- WHAT YOU NEED TO DO -
Using the listing below, retype only the lines from the line with "- Ausgestattet mit" through the end, both ends included, and exclude the pictures.

DATA SHOWN below:

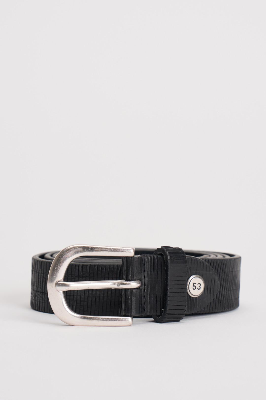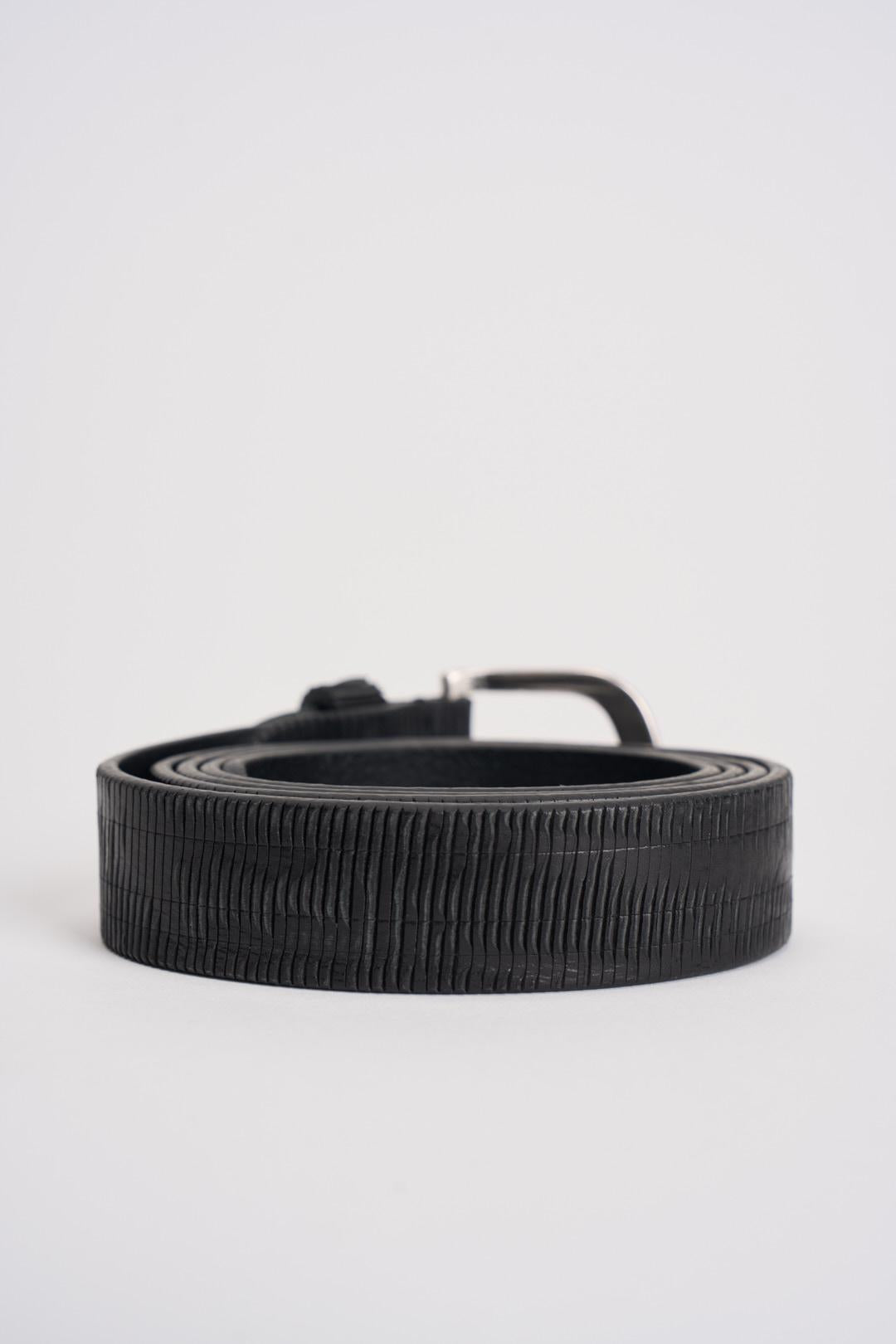 MINORONZONI Cintura uomo in pelle nera. Modello con hardware argento.
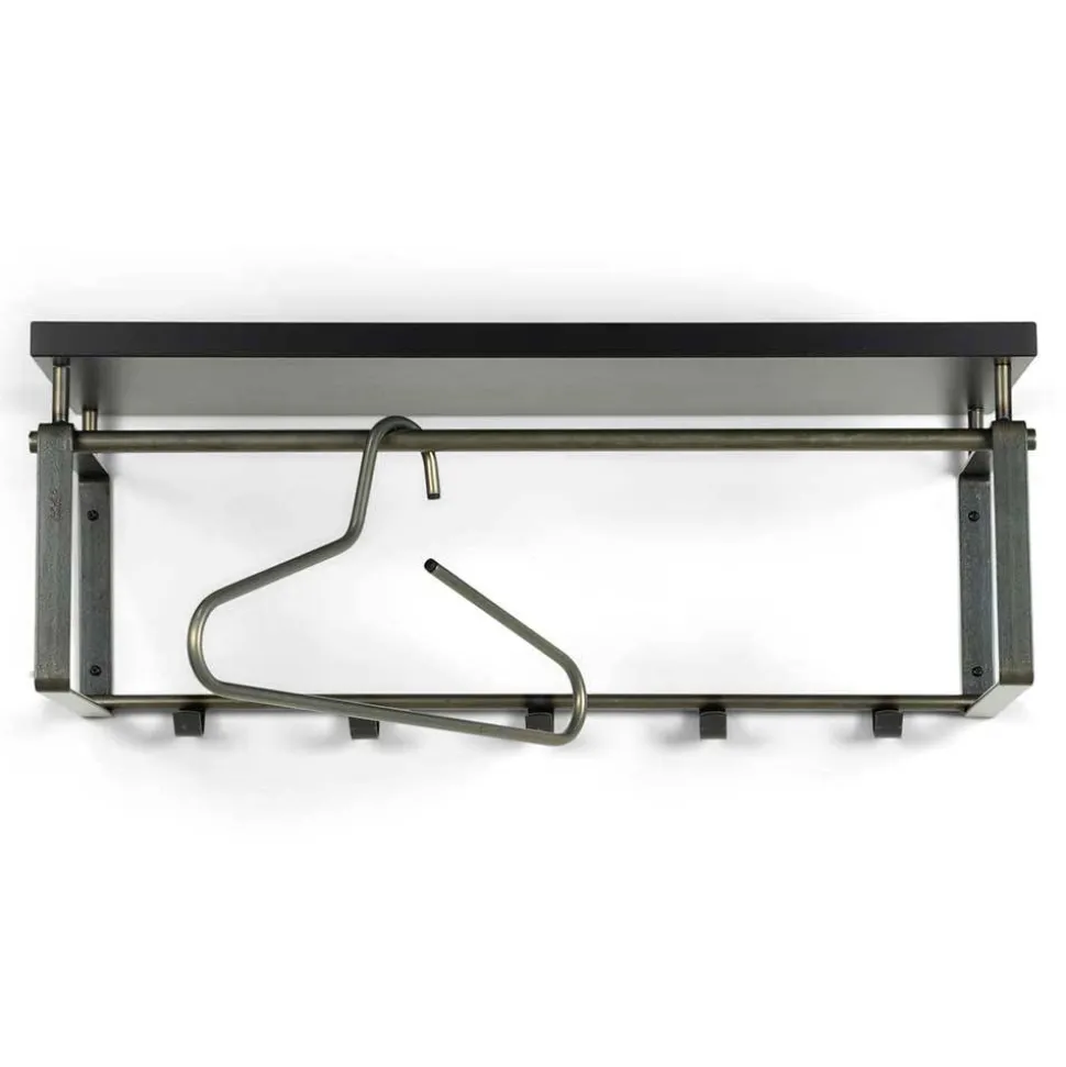 - Ausgestattet mit fünf gebogenen Kleiderhaken, zudem bieten zwei Stangen seitlich und eine Stange unter der Hutablage Platz für Kleiderbügel
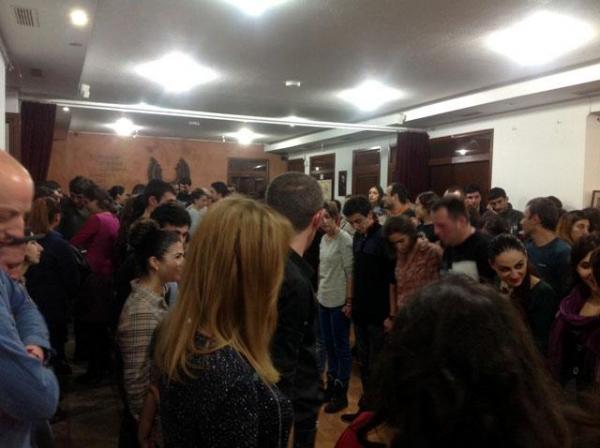 Несколько месяцев назад я решилась пойти в место, которое казалось местом встречи тайного общества. Это было тихое место в подвальном помещении недалеко от Вернисажа, где Комитас, сурово глядя со стены, смотрел на то, как странные существа били ногами по деревянному полу, что было похоже на довоенное кабинетное заседание.

End of DATA SHOWN.

- FINISHED TASK -
 - Ausgestattet mit fünf gebogenen Kleiderhaken, zudem bieten zwei Stangen seitlich und eine Stange unter der Hutablage Platz für Kleiderbügel
 Несколько месяцев назад я решилась пойти в место, которое казалось местом встречи тайного общества. Это было тихое место в подвальном помещении недалеко от Вернисажа, где Комитас, сурово глядя со стены, смотрел на то, как странные существа били ногами по деревянному полу, что было похоже на довоенное кабинетное заседание.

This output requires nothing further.